**TASK TO COMPLETE:**
With the images removed, write out every line below exactly.

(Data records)
☆ ☆ ☆ ☆ ☆

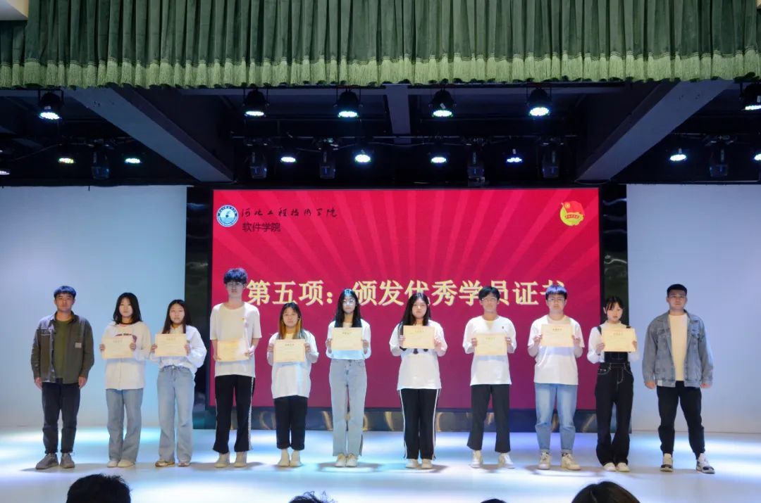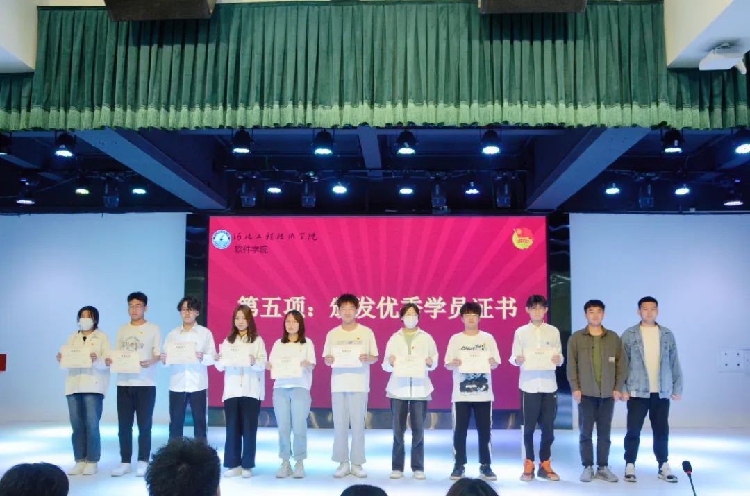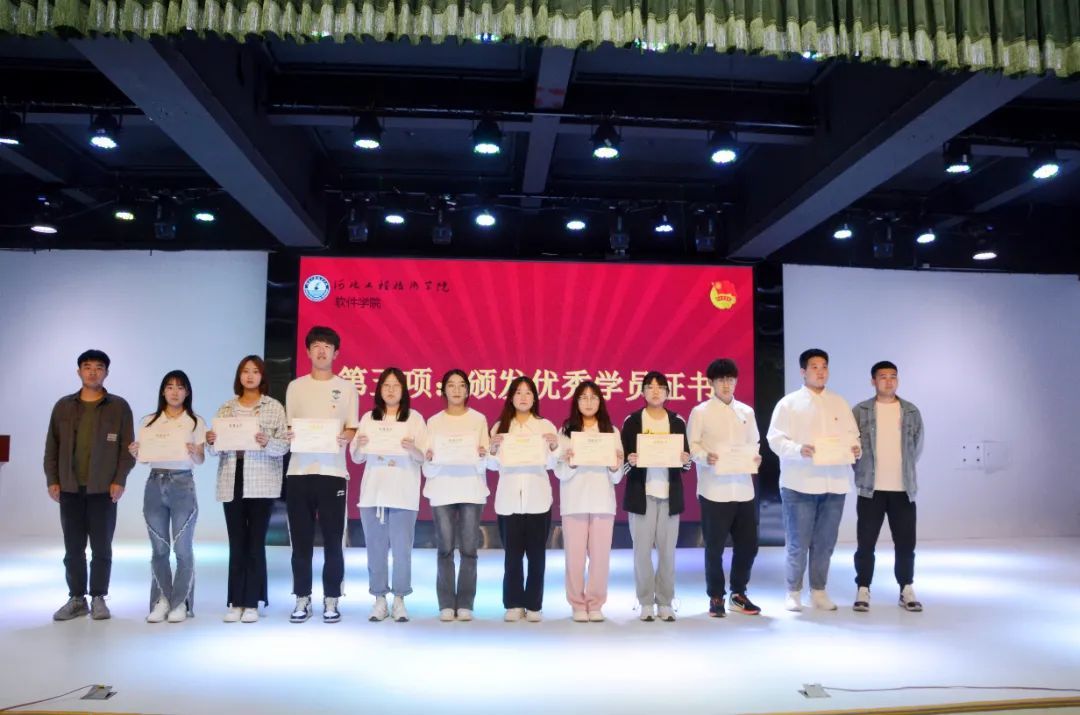 由软件学院团总支学生副书记李龙、组织委员张淋波为优秀结业学员颁发优秀学员证书。这些优秀学员们用行动证明了坚持跟党走中国特色社会主义的理想信念,即使路途荆棘,最终都会收获成长。
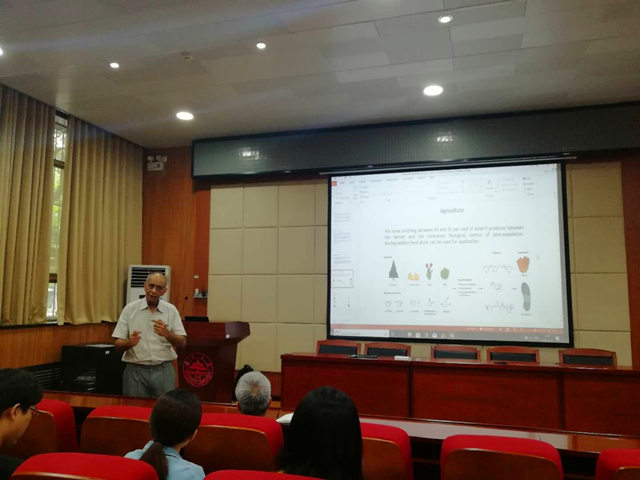 Ravi Shankar教授以可持续发展的科学理念为铺垫,通过讲解有机硅材料的最新进展,让大家重新发现和认识有硅化学的魅力。首先,Ravi教授做了题为“Sustainable development – Global challenges and remediation”的报告,介绍了可持续发展研究所面对的挑战,通过列举实例详细地阐述可持续发展的研究目标以及通过科学的手段来修复面临的环境及社会问题,告诫研究者应提高对可持续发展研究的重视;然后,通过题为“ Silicon chemistry – An overview and rediscovering silicones ”及“Noble metal nanoparticles in catalysis”的报告,他重点讲解功能性单体、无机聚合物及将其应用于先进材料领域的研究,通过选取实例分析说明选取适合的催化剂如:贵金属纳米颗粒(Noble metal nanoparticles)、同相/异相金属碱(Metal based catalysts (homogeneous and heterogeneous))、路易斯酸催化剂(Lewis acid catalysts)等,可以达到高选择性合成目标产物的目的;接下来,Ravi教授以口述加手书的形式讲解了有关自愈合材料(Self-healing materials)的化学键组成及种类,通过精讲文献的方式深化自愈合材料的理论学习。最后,他以讲解配位化学基础知识入手引出当前MOFs材料当前面临的挑战,分析如何提高MOF材料稳定性的相关研究为尾声结束了这5天的精彩讲说。在这4天的学习交流中,Ravi教授不断告诫年轻一代科研人员要学会从全局观念入手用心做研究,正确理解科学本身不仅是解决问题,更是确定问题的存在这一观点;同时,Ravi教授强调在平时的学习生活中,要勤思考、敢提问、多交流,培养自己独立解决问题的能力,开拓科研及合作思路。
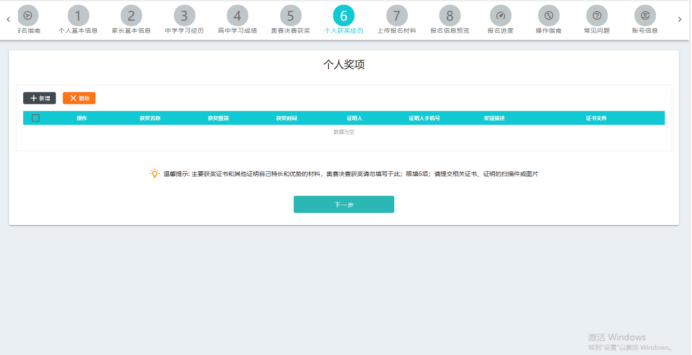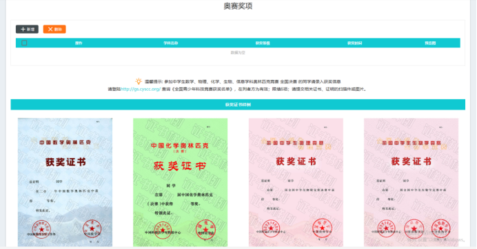 录入奥赛获奖经历,并上传证书扫描件。
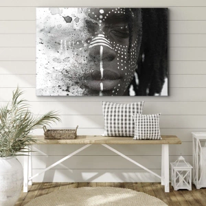 • Retrato de uma mulher, mulher, afro-americana, África, Preto e branco, Cultura, Pessoas, Para o escritório, Para o escritório, Para a sala de jantar, Para o hall, Para a sala de estar, Para o quarto, Branco, Preto, Cinza, Preto e Branco, Vertical
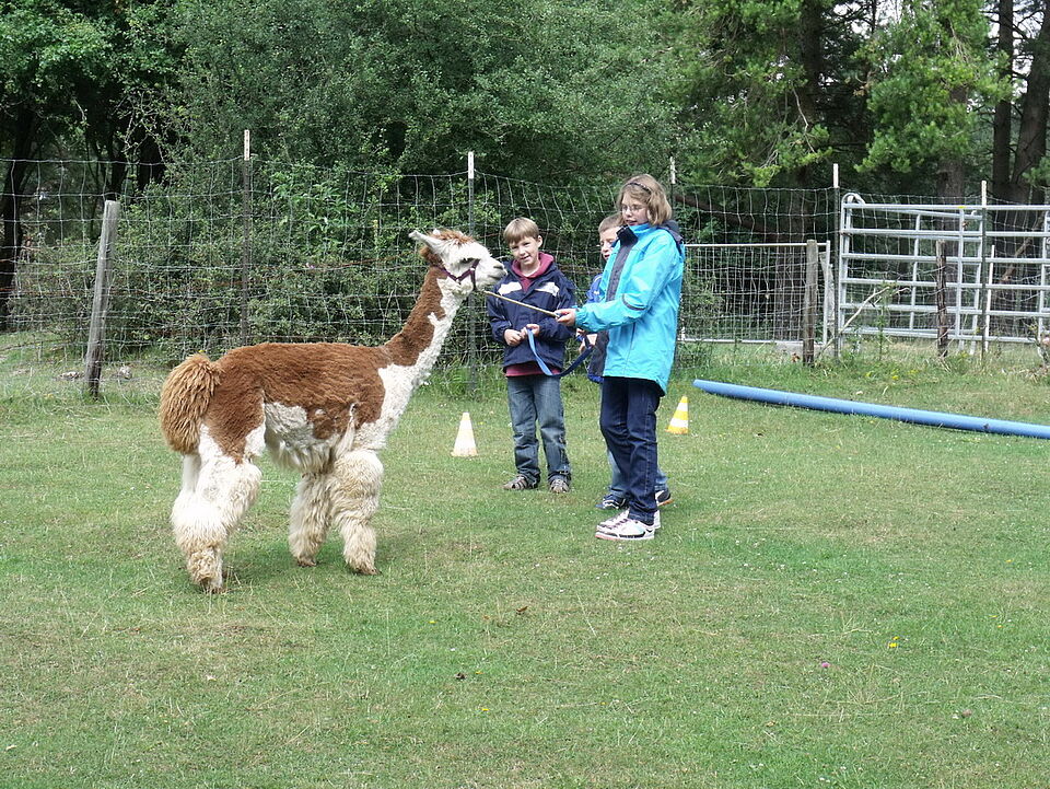 Einer dieser vielen Ausflüge, die zum Programm gehören, führt die Kinder hautnah zu richtigen Lamas...
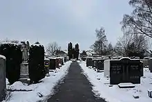 The still existing old mortuary was built in 1922. The first expansion of the new cemetery took place in 1954 and was completed on All Saints' Day 1955 with the consecration of the large cross in the center. Since the old mortuary had become too small for the rapidly growing town, plans for a new funeral home began in the early 1970s.[20] Due to the incorporation of Amendingen into Memmingen, the project was put on hold. It was not until 1977, after long negotiations with the city of Memmingen, that the new mortuary was built on the cemetery at a cost of 300,000 German marks and inaugurated on February 19, 1978.[21] The money was donated by the Amendingen land consolidation cooperative.
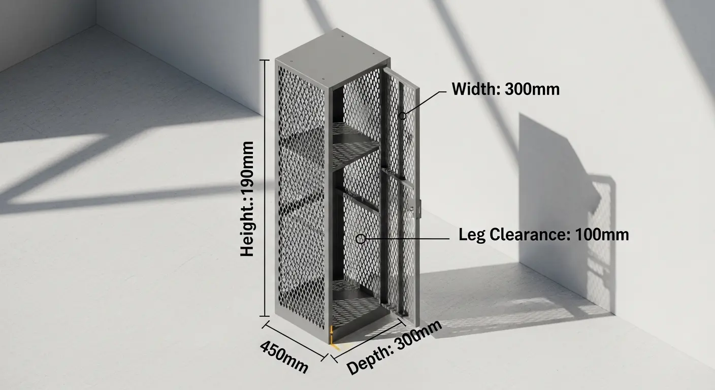 I always recommend checking the "internal clear opening" dimensions. Sometimes, the frame of the locker takes up 20mm on each side. If you have an item that is exactly 300mm wide, it might not fit through the door of a 305mm wide locker. Always leave a "buffer" of at least 25mm for easy access.
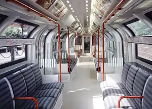 ![]() Inside the Red 1986 prototype London Underground train when on public display at Woodford station. | |
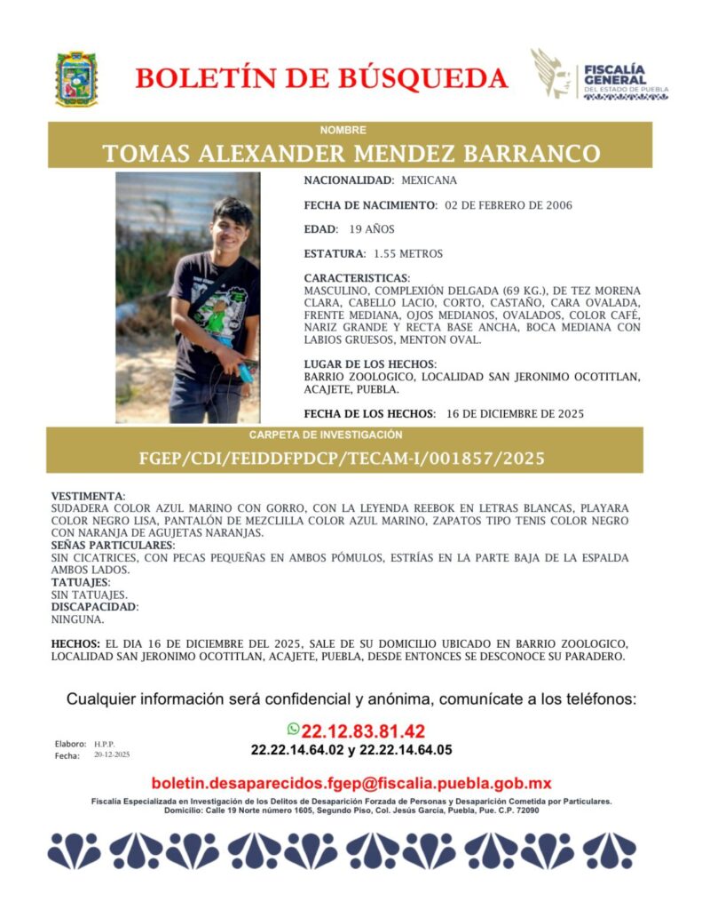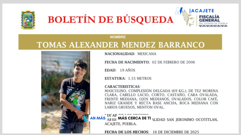 Acajete, Puebla.— La Fiscalía General del Estado de Puebla emitió un boletín de búsqueda para localizar a Tomás Alexander Méndez Barranco, joven de 19 años de edad, quien fue reportado como desaparecido desde el pasado 16 de diciembre de 2025.

☆ ☆ ☆ ☆ ☆

**REPLY:**
 由软件学院团总支学生副书记李龙、组织委员张淋波为优秀结业学员颁发优秀学员证书。这些优秀学员们用行动证明了坚持跟党走中国特色社会主义的理想信念,即使路途荆棘,最终都会收获成长。
 Ravi Shankar教授以可持续发展的科学理念为铺垫,通过讲解有机硅材料的最新进展,让大家重新发现和认识有硅化学的魅力。首先,Ravi教授做了题为“Sustainable development – Global challenges and remediation”的报告,介绍了可持续发展研究所面对的挑战,通过列举实例详细地阐述可持续发展的研究目标以及通过科学的手段来修复面临的环境及社会问题,告诫研究者应提高对可持续发展研究的重视;然后,通过题为“ Silicon chemistry – An overview and rediscovering silicones ”及“Noble metal nanoparticles in catalysis”的报告,他重点讲解功能性单体、无机聚合物及将其应用于先进材料领域的研究,通过选取实例分析说明选取适合的催化剂如:贵金属纳米颗粒(Noble metal nanoparticles)、同相/异相金属碱(Metal based catalysts (homogeneous and heterogeneous))、路易斯酸催化剂(Lewis acid catalysts)等,可以达到高选择性合成目标产物的目的;接下来,Ravi教授以口述加手书的形式讲解了有关自愈合材料(Self-healing materials)的化学键组成及种类,通过精讲文献的方式深化自愈合材料的理论学习。最后,他以讲解配位化学基础知识入手引出当前MOFs材料当前面临的挑战,分析如何提高MOF材料稳定性的相关研究为尾声结束了这5天的精彩讲说。在这4天的学习交流中,Ravi教授不断告诫年轻一代科研人员要学会从全局观念入手用心做研究,正确理解科学本身不仅是解决问题,更是确定问题的存在这一观点;同时,Ravi教授强调在平时的学习生活中,要勤思考、敢提问、多交流,培养自己独立解决问题的能力,开拓科研及合作思路。
 录入奥赛获奖经历,并上传证书扫描件。
 • Retrato de uma mulher, mulher, afro-americana, África, Preto e branco, Cultura, Pessoas, Para o escritório, Para o escritório, Para a sala de jantar, Para o hall, Para a sala de estar, Para o quarto, Branco, Preto, Cinza, Preto e Branco, Vertical
 Einer dieser vielen Ausflüge, die zum Programm gehören, führt die Kinder hautnah zu richtigen Lamas...
 The still existing old mortuary was built in 1922. The first expansion of the new cemetery took place in 1954 and was completed on All Saints' Day 1955 with the consecration of the large cross in the center. Since the old mortuary had become too small for the rapidly growing town, plans for a new funeral home began in the early 1970s.[20] Due to the incorporation of Amendingen into Memmingen, the project was put on hold. It was not until 1977, after long negotiations with the city of Memmingen, that the new mortuary was built on the cemetery at a cost of 300,000 German marks and inaugurated on February 19, 1978.[21] The money was donated by the Amendingen land consolidation cooperative.
 I always recommend checking the "internal clear opening" dimensions. Sometimes, the frame of the locker takes up 20mm on each side. If you have an item that is exactly 300mm wide, it might not fit through the door of a 305mm wide locker. Always leave a "buffer" of at least 25mm for easy access.
 ![]() Inside the Red 1986 prototype London Underground train when on public display at Woodford station. | |
 Acajete, Puebla.— La Fiscalía General del Estado de Puebla emitió un boletín de búsqueda para localizar a Tomás Alexander Méndez Barranco, joven de 19 años de edad, quien fue reportado como desaparecido desde el pasado 16 de diciembre de 2025.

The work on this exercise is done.